After examining the instructions on insanity given to the jury by the court, we conclude that the jury was properly instructed in that regard. See State v. Eisenstein, 72 Ariz. 320, 235 P.2d 1011 (1951); State v. Schantz, 98 Ariz. 200, 403 P.2d 521 (1965); State v. Ganster, 102 Ariz. 490, 433 P.2d 620 (1967); and State v. Daniels, 106 Ariz. 497, 478 P.2d 522 (1970).

An additional point made by defendant regarding the trial court’s instructions relates to the court’s preface to the instruction on expert witnesses. He is precluded from raising this issue because he did not object at the time the instruction or preface thereto was given. Rule 272 of the 1956 Rules of Criminal Procedure provides for the application of Rule 51(a), Rules of Civil Procedure, 16 A.R.S., which requires a party to object to an instruction before the jury retires in order to preserve his right to claim error on appeal.

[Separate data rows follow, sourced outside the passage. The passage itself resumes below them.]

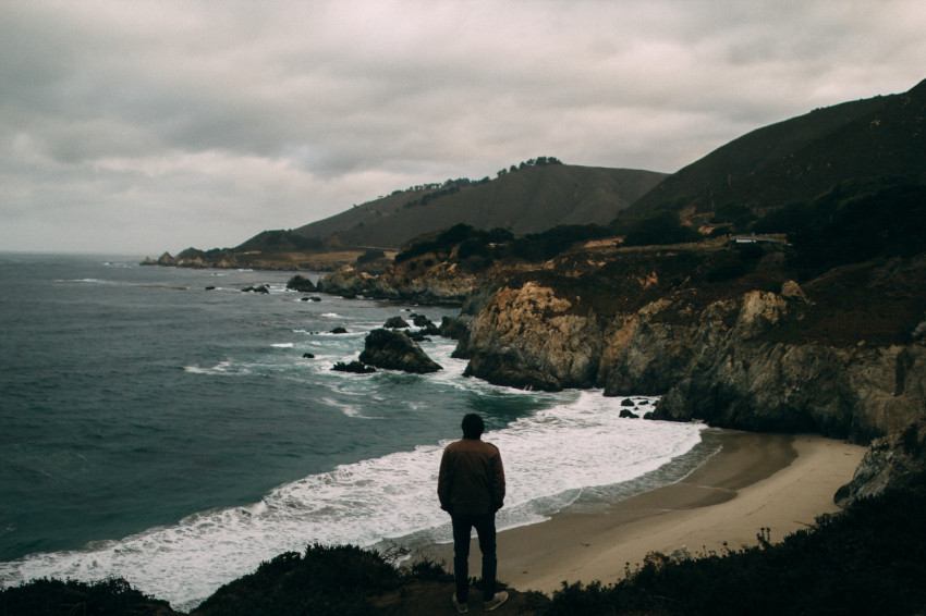 Человек на скалистом побережье моря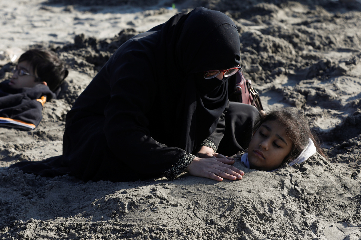 A woman comforts her daughter, buried up to her neck in sand during a solar eclipse, along Clifton beach in Karachi, Pakistan December 26, 2019. Many Pakistanis believe that burying people with disabilities in sand during solar eclipse would bring healing to their bodies. REUTERS/Akhtar Soomro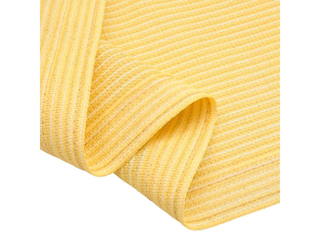 Koberec do stanu je vyrobený z polyethylenu s vysokou hustotou, který je příjemně prodyšný a propouští vodu. V každém ze svých čtyř rohů má zabudované očko a další dvě očka se nachází uprostřed dlouhých stran pro snazší upevnění. Venkovní koberec snadno vyčistíte vodou. A je-li to třeba, můžete ho také lehce seříznout na požadovanou velikost.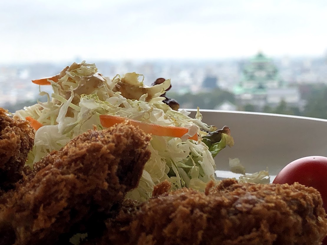 実はこの建物、病院なんです。病院の最上階のレストランは名古屋城がどどーんと見えるロケーション。窓際の席で景色を楽しみながらランチをいただきます。 |

The final point raised by the defendant is an assertion that the calling of three rebuttal witnesses by the state was error and prejudiced the defendant. We, do not find that the trial court abused its discretion here. State v. Kuhnley, 74 Ariz. 10, 242 P.2d 843 (1952). In the instances where the witness’ testimony was improper, the court admonished the jury to disregard the testimony and ordered it stricken. Prejudice to the defendant was not apparent.

Judgment of conviction and sentence affirmed.

CAMERON, C. J., STRUCKMEYER, V. C. J., and HOLOHAN and GORDON, JJ., concur.